Abstract Over the past years the usage of coiled tubing as a prefer method to deploy long and heavy guns in highly deviated wells has been widely spread in the oil industry to provide a single run without killing the well, perforate in underbalance conditions, reduce risks and improve job efficiency. The three wells are located in the Caspian Sea. In two wells, the objective was to isolate lower intervals and perforate a new zone through tubing and casing between two packers. On the other well, the objective was to perforate a new interval through casing after running a new completion and isolate lower production zones.

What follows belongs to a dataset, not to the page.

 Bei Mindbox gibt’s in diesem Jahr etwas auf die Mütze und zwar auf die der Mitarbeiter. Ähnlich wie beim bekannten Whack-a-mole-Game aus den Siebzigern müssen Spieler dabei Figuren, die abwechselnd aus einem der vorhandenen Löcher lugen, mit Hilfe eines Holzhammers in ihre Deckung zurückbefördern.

Due to the challenges involving gross length of the new intervals, guns size, well deviation and live deployment needs several techniques were evaluated. The best approach was to use an Advance Live-Well Deployment (ALWD) system to deploy and retrieve the guns with a tube wire-enabled Coiled Tubing Telemetry (CTT) system focus on both safety and cost saving compare with conventional wireline perforating. Extensive job planning involved coiled tubing (CT) simulations to reach target depths, shock loading modeling to ensure forces are within CT string limitations, system integration test to verify deployment/reverse technique procedure and system communication to electrically activate guns. CTT integrated sensor assembly was used during deployment/reverse operation with a tension, compression and torque (TCT) sub-assembly to monitor accurate upward/downward forces. In addition, CTT logging adapter assembly was used for depth correlation and electrical guns activation. The ALWD system; composed by connectors and deployment blow out preventor (BOP), prove to be an efficient way to run, perforate and retrieve gross intervals of 212 m, 246 m and 104 m with guns successfully. During all these jobs several lessons learnt were created in order to improve the deployment/reverse procedure for future jobs including not only operational steps but also deployment/reverse bottom-hole assembly (BHA) configurations. Based on the success of these case histories, the ALWD combined with CTT system has been proven to be the preferred method when dealing with long perforation intervals in life well conditions, thru-tubing environment.